When I was on my epic college search, my sister told me she knew the perfect one for me - UMBC. I visited with my parents, receiving the typical tour and geeking out way too much over the library. I visited with my now brother-in-law and attended a WWII history course taught by Dr. Clay Laurie and I truly felt a connection I had been missing at other schools. When I was accepted and asked to join the Honors College, I decided to head to UMBC in the fall of 2006.
After 4 years at UMBC making the best friends a girl could have and experiencing all the things, I decided to stay for a little bit longer and completed my Master's in Historical Studies, concentrating on public history. I loved the program and felt so supported by my fellow students and the History Department faculty.
I secured a position as a Research Archivist at the Maryland State Archives upon completion of the program after having interned for them over the summer. I work on the Study of the Legacy of Slavery in Maryland Program under the direction of Christopher Haley (nephew of famed author of Roots) and Emily Oland Squires (who is actually a UMBC alumna too!) It has been 4 years since I finished my Master's and 6 since I finished undergraduate, but I still maintain connections to the school that I am very proud of.
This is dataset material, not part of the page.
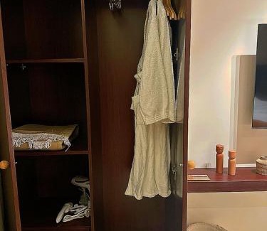 Food & DrinkTea/Coffee maker, Bottle of waterBathroomBathtub or shower, Toothbrush, Private bathroom, Slippers, Toilet paper, Shampoo, Free toiletries, Hairdryer, Towels, Walk-in shower, Conditioner, Shower, Toilet, Body soap, Bathrobe, BidetMedia & TechnologyTV, Satellite channels, Flat-screen TV, Streaming service (like Netflix)GeneralTile/Marble floor, Iron, Air conditioning, Smoke Alarm, Lockers, Fire extinguisher, Trash cans, Carbon monoxide detectorKitchenCleaning products, Coffee machine, Wine glasses, Dining table, Toaster, Kitchen, Refrigerator, Kitchenette, Stovetop, Kitchenware, Electric kettle, MicrowaveLiving AreaSitting area, Dining areaBedroomLinens, Wardrobe or closetAccessibilityRoll-in shower, Upper floors accessible by elevator, Accessible by elevator, Hearing accessible, Entire unit wheelchair accessibleBuilding CharacteristicsPrivate apartment in buildingRoom AmenitiesHypoallergenic pillowPhysical distancingSingle-room AC for guest accommodationCleanliness & disinfectionHand sanitizer |

I have worked with Dr. McDonough, Dr. Kars, and Dr. Meringolo in the History Department to help students understand archives and more easily access the records within them. I find great joy in being a keeper of records and paying it forward, helping students understand what's in these records and how important they are. It's been a pleasure to stay in contact with my former professors and I thank them for such a positive experience at UMBC. I am also thankful everyday that I get to "DO" history...it is one of the joys of my life.
I currently live in Baltimore and absolutely love this city. In a lot of ways, I feel like it's difficult to talk about what I've accomplished so far, but my hope is to continue to use my education and career in ways that help city residents, particularly teachers and students.
(Also thanks to Marylana Demond Max Cole for photographing and interviewing me in an issue of the UMBC Magazine about public history at work).